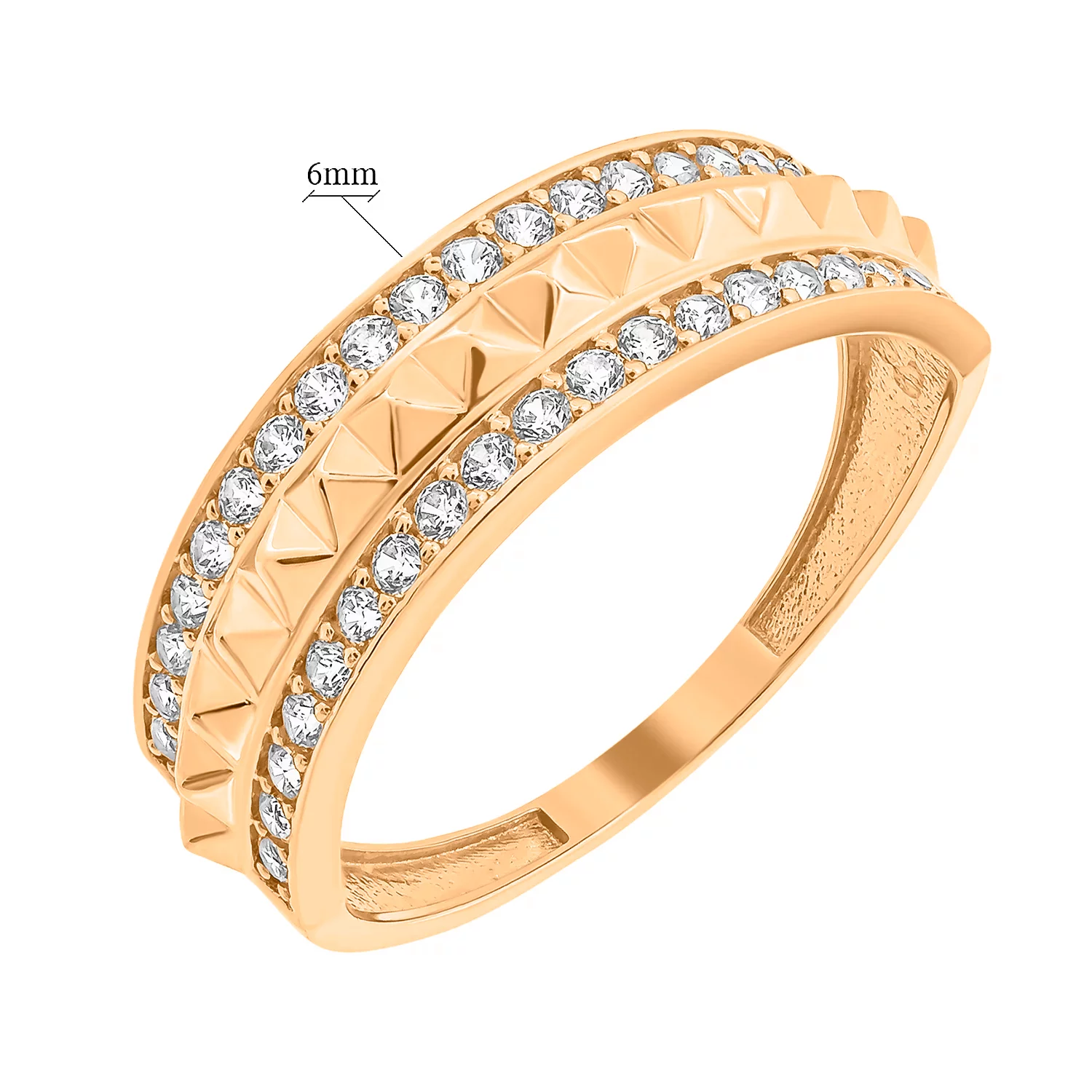 Кольцо из красного золота с фианитом "Пирамида" - 1455527
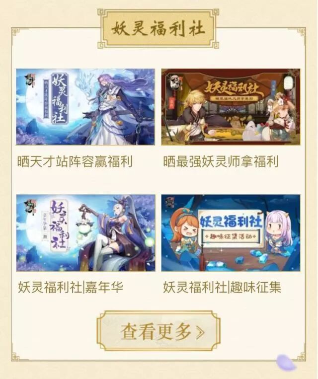 妖灵福利社 这个不用多说了吧~ 超多 福利活动 在此集结! 更有 游戏内的实时福利 在此同步 一切都以为大人们 赢福利 为目的!
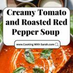 This creamy Tomato and Roasted Red Pepper Soup is a flavorful and comforting dish, perfect for any season. Made with simple ingredients like crushed tomatoes, roasted red peppers, and aromatic onions and garlic, it’s blended to a smooth texture and enriched with heavy cream and Parmesan cheese. This gluten-free American classic can be customized with optional herbs and spices, making it a versatile and delicious recipe for lunch or dinner.
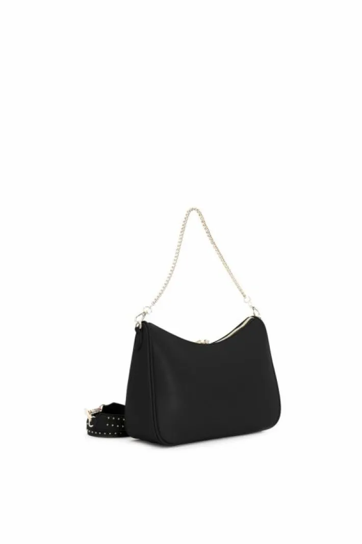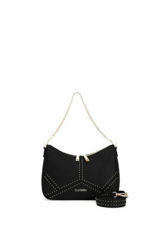 Borsa a spalla con lavorazione patchwork e applicazioni di micro rivetti. borsa divisa in vari scompartimenti: una tramezza chiusa con zip e taschino. doppia tracolla sia in catena sia nello stesso materiale della borsa.
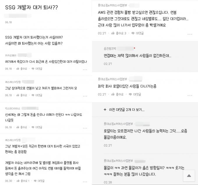 ▲ 직장인 익명 커뮤니티인 블라인드에 게시된 SSG닷컴 개발 인력 관련 글(왼쪽), 롯데쇼핑이커머스사업본부 개발 직군 관련 글 [블라인드 캡처]
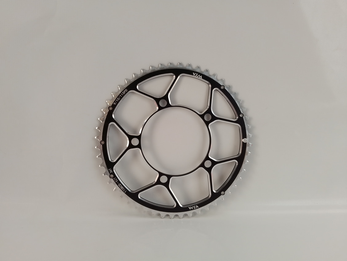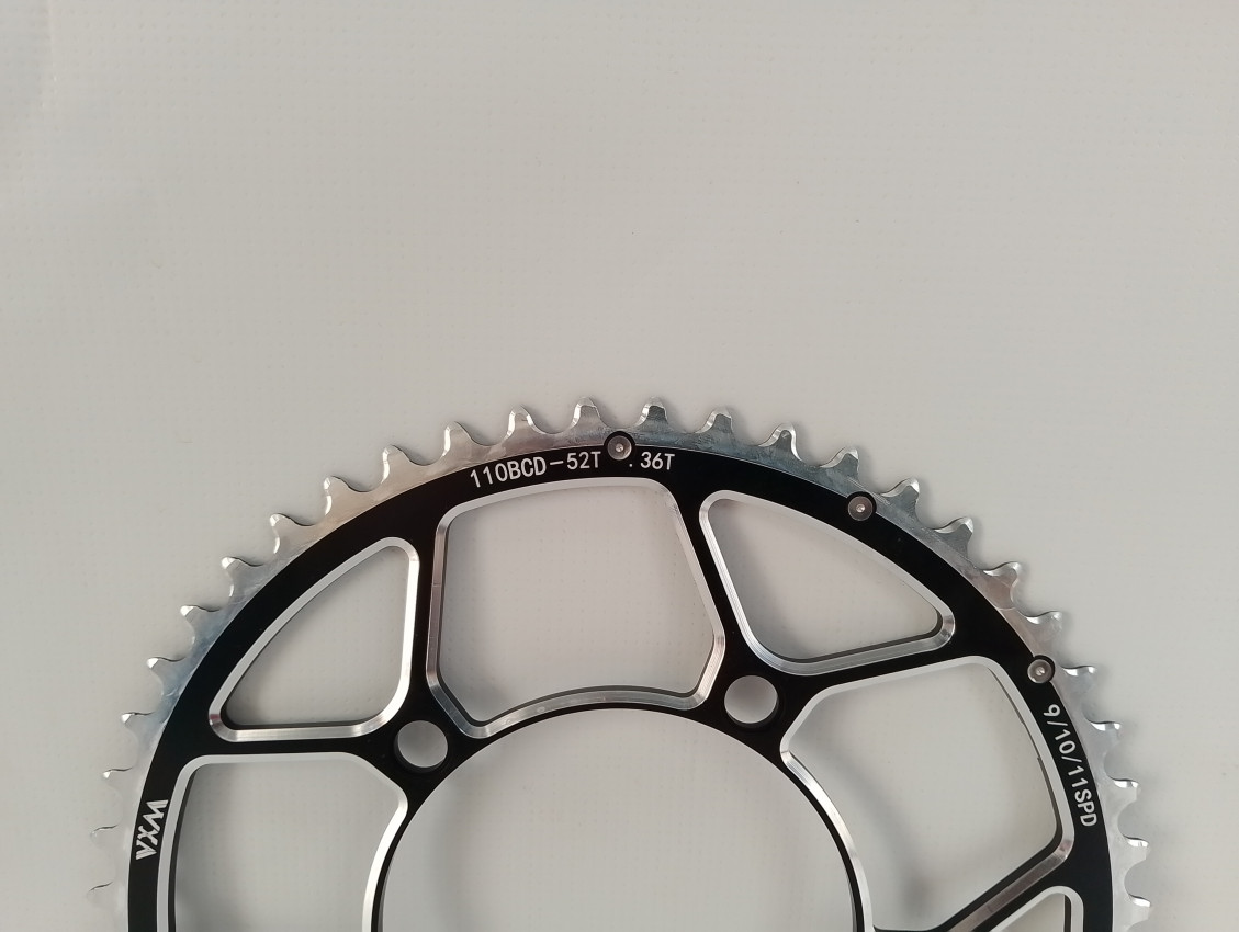 Brand new VXAA alloy chain ring, 110mm BCD 52t. Suitable for road bikes. Shimano/SRAM compatible and also compatible with 9-11 speed chains.
^^^^^^^^^^^^^^^^
Go through the records above and write out every line exactly, passing over the pictures.

 Кольцо из красного золота с фианитом "Пирамида" - 1455527
 妖灵福利社 这个不用多说了吧~ 超多 福利活动 在此集结! 更有 游戏内的实时福利 在此同步 一切都以为大人们 赢福利 为目的!
 This creamy Tomato and Roasted Red Pepper Soup is a flavorful and comforting dish, perfect for any season. Made with simple ingredients like crushed tomatoes, roasted red peppers, and aromatic onions and garlic, it’s blended to a smooth texture and enriched with heavy cream and Parmesan cheese. This gluten-free American classic can be customized with optional herbs and spices, making it a versatile and delicious recipe for lunch or dinner.
 Borsa a spalla con lavorazione patchwork e applicazioni di micro rivetti. borsa divisa in vari scompartimenti: una tramezza chiusa con zip e taschino. doppia tracolla sia in catena sia nello stesso materiale della borsa.
 ▲ 직장인 익명 커뮤니티인 블라인드에 게시된 SSG닷컴 개발 인력 관련 글(왼쪽), 롯데쇼핑이커머스사업본부 개발 직군 관련 글 [블라인드 캡처]
 Brand new VXAA alloy chain ring, 110mm BCD 52t. Suitable for road bikes. Shimano/SRAM compatible and also compatible with 9-11 speed chains.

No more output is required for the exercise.